Mapping and Functional Analysis of Interaction Sites within the Cytoplasmic Domains of the Vaccinia Virus A33R and A36R Envelope Proteins

Brian M. Ward, Andrea S. Weisberg, and Bernard Moss*

Laboratory of Viral Diseases, National Institute of Allergy and Infectious Diseases, National Institutes of Health, Bethesda, Maryland 20892-0445

Received 3 September 2002/ Accepted 6 January 2003

Incorporation of the vaccinia virus A36R protein into the outer membrane of intracellular enveloped virions (IEV) is dependent on expression of the A33R protein. Possible interactions of the 200-amino-acid cytoplasmic domain of the A36R protein with itself or with the cytoplasmic domain of the A33R, A34R, B5R, or F12L IEV membrane protein was investigated by using the yeast two-hybrid system. A strong interaction was detected only between the cytoplasmic domains of the A36R and A33R proteins.

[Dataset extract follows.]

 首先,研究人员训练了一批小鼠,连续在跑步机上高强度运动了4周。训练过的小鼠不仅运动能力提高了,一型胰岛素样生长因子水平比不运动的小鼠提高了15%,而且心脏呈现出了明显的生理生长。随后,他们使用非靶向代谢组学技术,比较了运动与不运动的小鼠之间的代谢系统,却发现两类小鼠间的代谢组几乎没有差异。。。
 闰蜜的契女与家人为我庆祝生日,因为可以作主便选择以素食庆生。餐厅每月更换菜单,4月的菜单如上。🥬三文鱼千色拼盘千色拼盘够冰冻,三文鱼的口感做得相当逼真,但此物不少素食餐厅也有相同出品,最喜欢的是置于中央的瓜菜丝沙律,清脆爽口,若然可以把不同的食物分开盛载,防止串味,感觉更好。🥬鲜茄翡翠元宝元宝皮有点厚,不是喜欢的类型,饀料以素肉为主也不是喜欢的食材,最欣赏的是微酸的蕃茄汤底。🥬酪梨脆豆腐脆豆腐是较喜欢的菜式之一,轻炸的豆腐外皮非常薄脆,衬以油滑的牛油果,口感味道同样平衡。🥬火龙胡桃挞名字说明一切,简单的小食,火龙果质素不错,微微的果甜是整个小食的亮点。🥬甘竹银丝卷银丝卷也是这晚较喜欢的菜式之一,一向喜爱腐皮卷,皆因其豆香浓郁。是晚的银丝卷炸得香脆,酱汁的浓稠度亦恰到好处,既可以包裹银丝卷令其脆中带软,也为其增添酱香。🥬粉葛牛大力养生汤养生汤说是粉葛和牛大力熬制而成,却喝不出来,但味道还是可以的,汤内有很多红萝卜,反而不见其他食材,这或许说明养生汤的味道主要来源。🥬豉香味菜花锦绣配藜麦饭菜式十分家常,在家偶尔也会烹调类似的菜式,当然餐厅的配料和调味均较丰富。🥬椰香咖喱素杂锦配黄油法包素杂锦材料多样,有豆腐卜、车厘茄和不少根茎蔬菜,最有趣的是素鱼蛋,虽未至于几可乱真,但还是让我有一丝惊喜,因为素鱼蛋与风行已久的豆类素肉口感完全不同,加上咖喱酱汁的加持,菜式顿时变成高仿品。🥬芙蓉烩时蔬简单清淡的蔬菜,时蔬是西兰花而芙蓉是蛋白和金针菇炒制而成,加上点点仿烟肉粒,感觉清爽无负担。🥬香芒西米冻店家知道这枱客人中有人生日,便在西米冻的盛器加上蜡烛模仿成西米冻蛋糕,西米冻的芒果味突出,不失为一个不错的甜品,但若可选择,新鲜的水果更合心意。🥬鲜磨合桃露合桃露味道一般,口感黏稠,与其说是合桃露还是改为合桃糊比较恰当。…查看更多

Upon further analyses, the interaction site was mapped to residues 91 to 111 of the A36R protein. To investigate the role of the A36R:A33R interaction during viral infection, five recombinant vaccinia viruses containing B5R-GFP as a marker were constructed. Four had the full-length A36R gene replaced with various-length C-terminal truncations of A36R, of which two contained residues 91 to 111 and two were missing this region. The fifth recombinant virus had an A33R gene with most of the 40-amino-acid cytoplasmic tail deleted. Residues 91 to 111 of A36R and the cytoplasmic tail of A33R were required for a strong interaction between the two proteins during viral infection and for maximal amounts of A36R protein on IEV. Mutants lacking these regions of A33R or A36R formed IEV that exhibited only short sporadic intracellular movement, displayed no actin tails, and formed small plaques on cell monolayers equivalent to those of an A36R deletion mutant and smaller than those formed by point mutations that specifically abrogate actin tail formation. The A33R interaction site of the A36R protein is highly conserved among orthopoxviruses and may overlap binding sites for cellular proteins needed for microtubular movement and actin tail formation.

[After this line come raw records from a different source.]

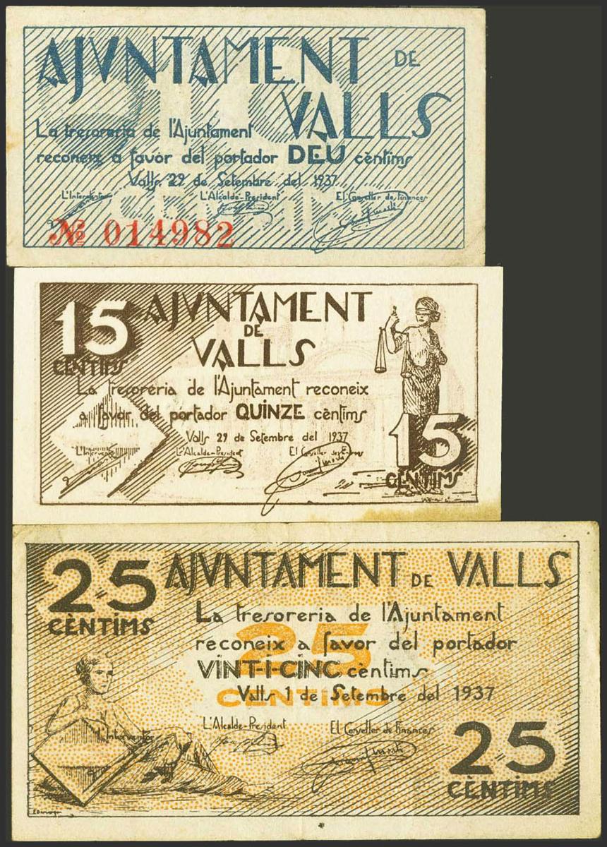 VALLS (TARRAGONA). 10 Cents, 15 Cents and 25 Cents. September 1937. (González: 10545/47). Extremely Fine/ Good Very Fine.
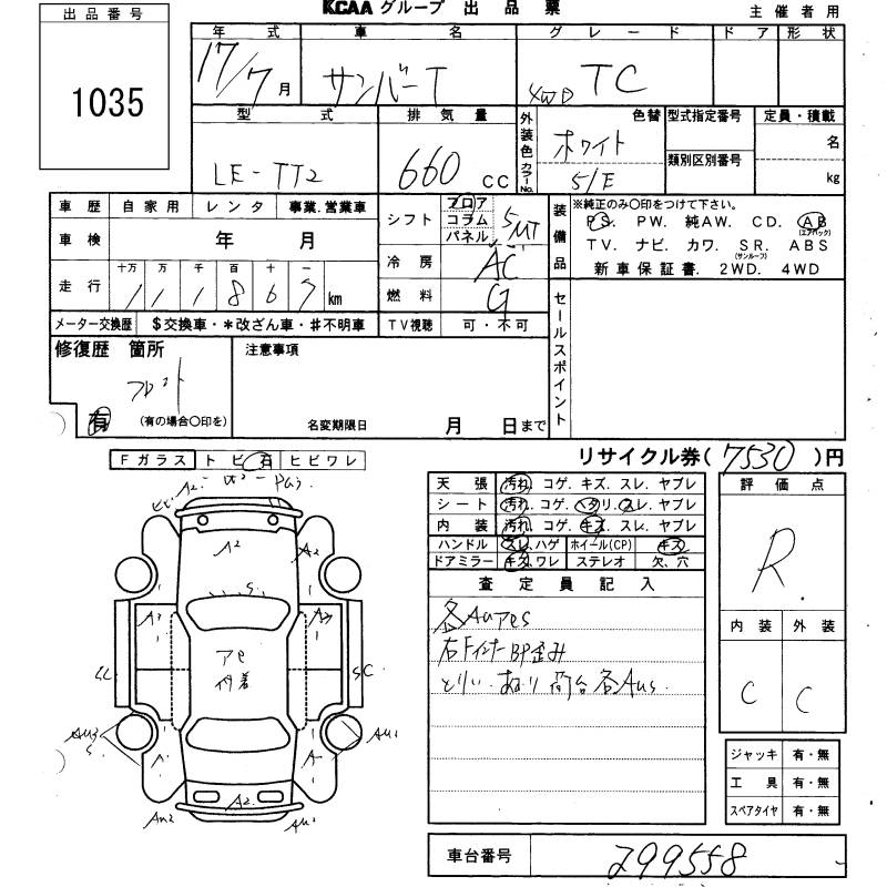 SUBARU SAMBAR TRUCK - лот 1035
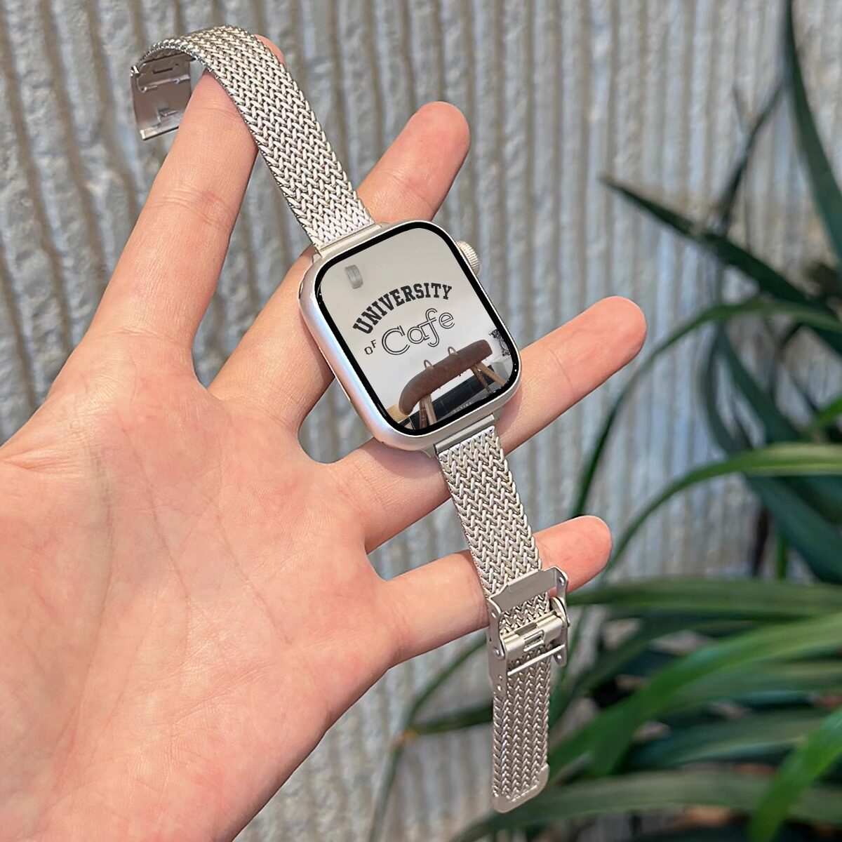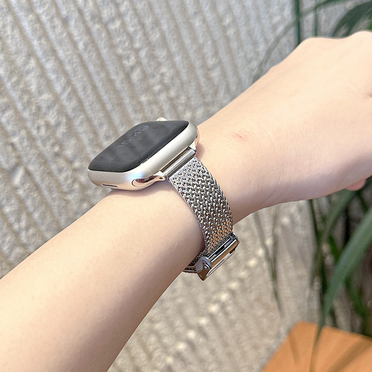 适用AppleWatchS11麦穗表带卡扣不锈钢苹果手表S10表带iwatch新金属9/87高级感米兰尼斯小蛮腰细款SE女款腕带

* Corresponding author. Mailing Address: National Institutes of Health, 4 Center Dr., MSC 0445, Bethesda, MD 20892-0445. Phone: (301) 496-9869. Fax: (301) 480-1147. E-mail: bmoss{at}nih.gov.

Journal of Virology, April 2003, p. 4113-4126, Vol. 77, No. 7
0022-538X/03/$08.00+0     DOI: 10.1128/JVI.77.7.4113-4126.2003
Copyright © 2003, American Society for Microbiology. All Rights Reserved.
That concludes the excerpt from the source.